With the Jamba 1.5 series AI21 is adding more capabilities to the model including function calling, JSON mode, structured document objects and citation mode. The company hopes that the new additions make the two models ideal for crafting agentic AI systems. Both models also have a large context window of 256K and are Mixture-of-Experts (MoE) models. Jamba 1.5 mini provides 52 billion total and 12 billion active parameters. Jamba 1.5 large has 398 billion total parameters and 94 billion active parameters.
Both Jamba 1.5 models are available under an open license. AI21 also provides commercial support and services for the models. The company also has partnerships with AWS, Google Cloud, Microsoft Azure, Snowflake, Databricks and Nvidia.
What’s new in Jamba 1.5 and how it will accelerate agentic AI
Jamba 1.5 Mini and Large introduce a number of new features designed to meet the evolving needs of AI developers:
- JSON mode for structured data handling
- Citations for enhanced accountability
- Document API for improved context management
- Function calling capabilities
According to Dagan, these additions are particularly crucial for developers working on agentic AI systems. Developers widely use JSON (JavaScript Object Notation) to access and build application workflows.
Dagan explained that adding JSON support enables developers to more easily build structured input/output relationships between different parts of a workflow. He noted that JSON support is crucial for more complex AI systems that go beyond just using the language model on its own.
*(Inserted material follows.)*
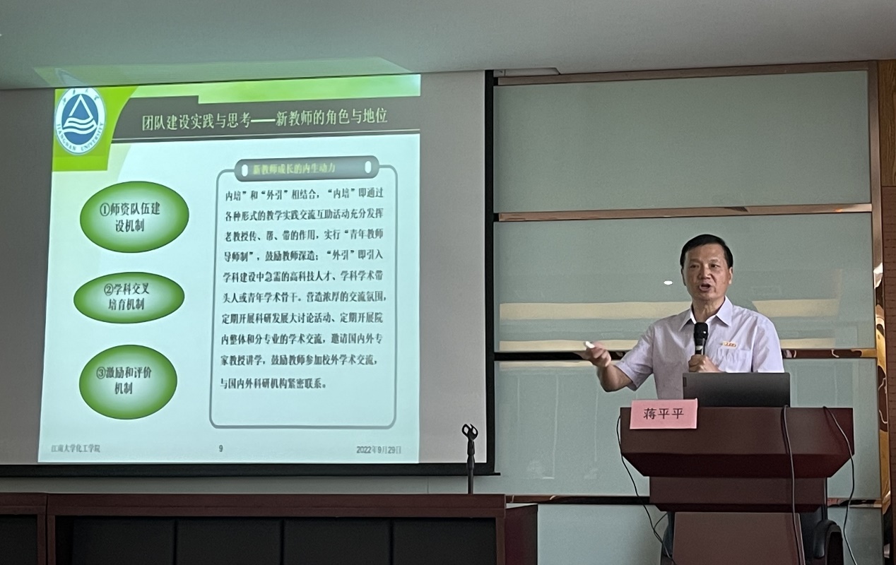 本次交流活动围绕青年教师教书育人、教学与科研和在团队中成长等方面展开,三位特邀专家为大家带来了精彩的报告。同济大学杜建忠教授的报告题目为:“青年教师如何做更好的科研”。他将科学研究分为三种类型:“前无古人,后有来者”、“前有古人,后无来者”、“前有古人,后有来者”。他结合自身开拓“以糖控糖”新领域的经历,强调了青年教师选择研究领域的重要性。他希望,各位青年教师要具备战略性思维,充分发挥自身潜能,结合团队和学科发展需要,做“有组织”的科研。化工学院蒋平平教授以“敬业与奋进,责任与奉献”为主题,阐述了科研团队的内涵与本质、新教师的角色与地位。他提出,青年教师要勇于追求“学院首次”,在知识多元化、学科交叉化趋势加强的背景下,珍惜学院氛围,加快融入团队,实现合作共赢,在成全学生的同时成就自己。91视频

The citation feature on the other hand, works in conjunction with the new document API.
“We can teach the model that when you generate something and you have documents in your input, please attribute the relevant parts to the documents,” Dagan said.
How citation mode is different than RAG, providing an integrated approach for agentic AI
Users should not confuse citation mode with Retrieval Augmented Generation (RAG), though both approaches ground responses in data to improve accuracy.
Dagan explained that the citation mode in Jamba 1.5 is designed to work in conjunction with the model’s document API, providing a more integrated approach compared to traditional RAG workflows. In a typical RAG setup, developers connect the language model to a vector database to access relevant documents for a given query or task.The model would then need to learn to effectively incorporate that retrieved information into its generation.
In contrast, the citation mode in Jamba 1.5 is more tightly integrated with the model itself. This means the model is trained to not only retrieve and incorporate relevant documents, but also to explicitly cite the sources of the information it uses in its output. This provides more transparency and traceability compared to a traditional LLM workflow, where the model’s reasoning may be more opaque.
AI21 does support RAG as well. Dagan noted that his company offers its own end-to-end RAG solution as a managed service that includes the document retrieval, indexing, and other required components.
Looking forward, Dagan said that AI21 will continue to work on advancing its models to serve customer needs. There will also be a continued focus on enabling agentic AI.
“We also understand that we need to operate and push the envelope with agentic AI systems and how planning and execution is handled in that domain,” Dagan said.